ECLI:NL:RBDHA:2024:21818

Rechtbank Den Haag

Datum uitspraak
23 december 2024
Publicatiedatum
23 december 2024
Zaaknummer
NL24.44721
Instantie
Rechtbank Den Haag
Type
Uitspraak
Procedures
  • Eerste aanleg - enkelvoudig
Vindplaatsen
  • Rechtspraak.nl
AI samenvatting door LexboostAutomatisch gegenereerd

Afwijzing verzoek voorlopige voorziening in asielzaak na beslissing op beroep

Op 23 december 2024 heeft de Rechtbank Den Haag, zittingsplaats Groningen, uitspraak gedaan in een zaak betreffende een verzoek om een voorlopige voorziening in het kader van een asielaanvraag. De verzoeker, vertegenwoordigd door zijn gemachtigde mr. M.R. van der Pol, had een aanvraag ingediend voor een verblijfsvergunning asiel voor bepaalde tijd. Deze aanvraag was door de minister van Asiel en Migratie, vertegenwoordigd door mr. A.J. Rossingh, afgewezen op 12 november 2024, met de motivering dat de aanvraag kennelijk ongegrond was. De verzoeker heeft hiertegen beroep ingesteld en tegelijkertijd verzocht om een voorlopige voorziening.
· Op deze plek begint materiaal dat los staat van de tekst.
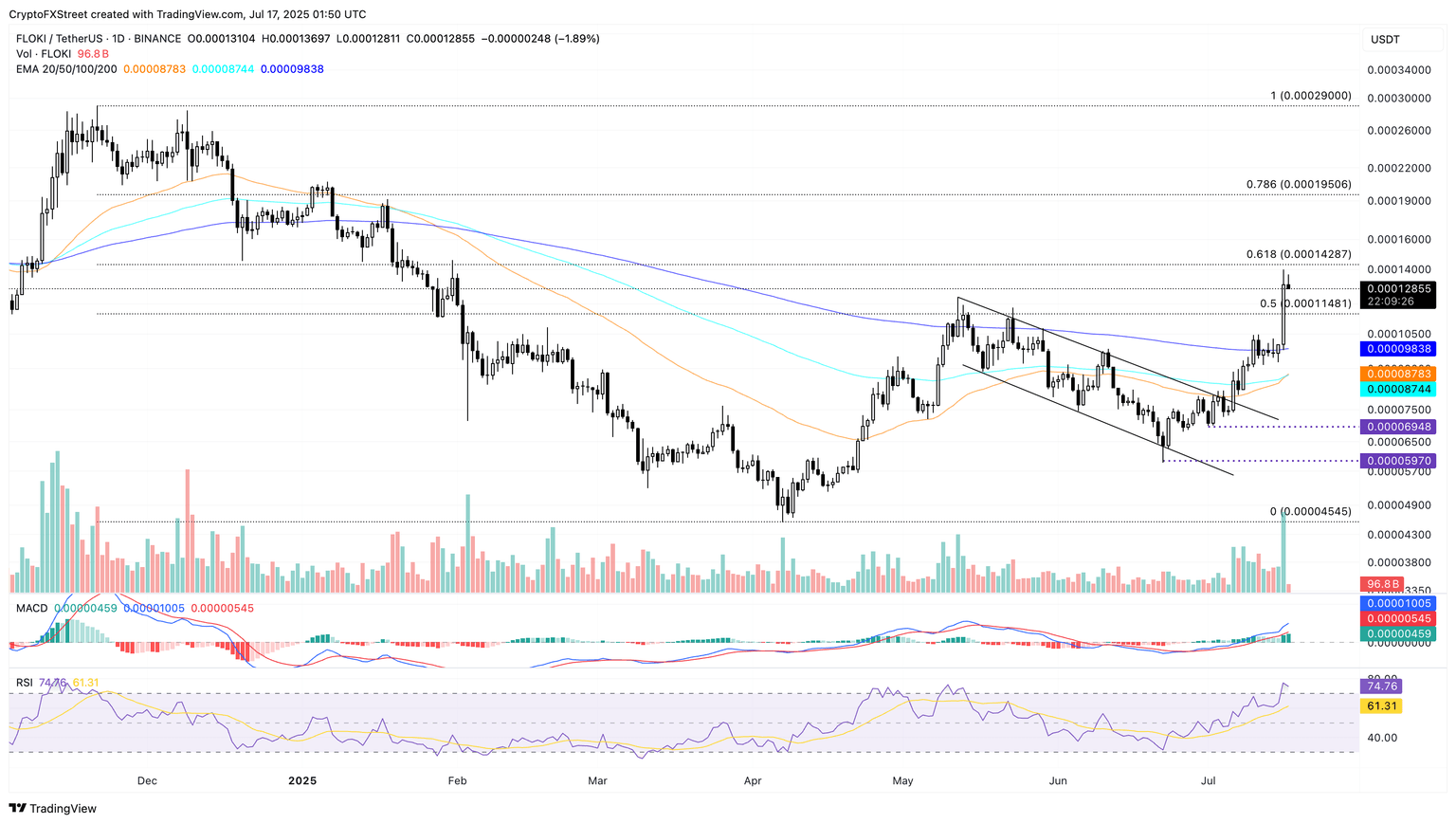 FLOKI edges lower by nearly 2% at press time on Thursday after bouncing off 30% higher from the 200-day Exponential Moving Average (EMA) on Wednesday. Floki's channel breakout rally gains traction as it reclaims the $0.000100 round figure.
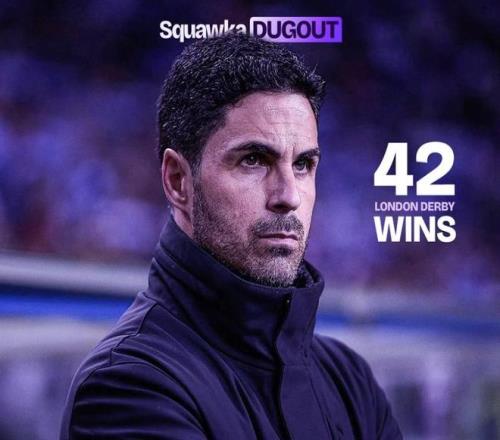 阿爾特塔英超倫敦德比取勝42場,追平穆里尼奧僅次于溫格

De voorzieningenrechter heeft het verzoek om een voorlopige voorziening op 12 december 2024 behandeld, waarbij zowel de gemachtigde van de verzoeker als de gemachtigde van de minister aanwezig waren. Tijdens de zitting is het verzoek om voorlopige voorziening besproken, maar de voorzieningenrechter heeft op dezelfde dag in een andere zaak (NL24.44720) uitspraak gedaan, waarbij het beroep van de verzoeker ongegrond werd verklaard en het bestreden besluit in stand bleef. Hierdoor was er geen noodzaak meer voor een voorlopige voorziening, en heeft de voorzieningenrechter het verzoek afgewezen.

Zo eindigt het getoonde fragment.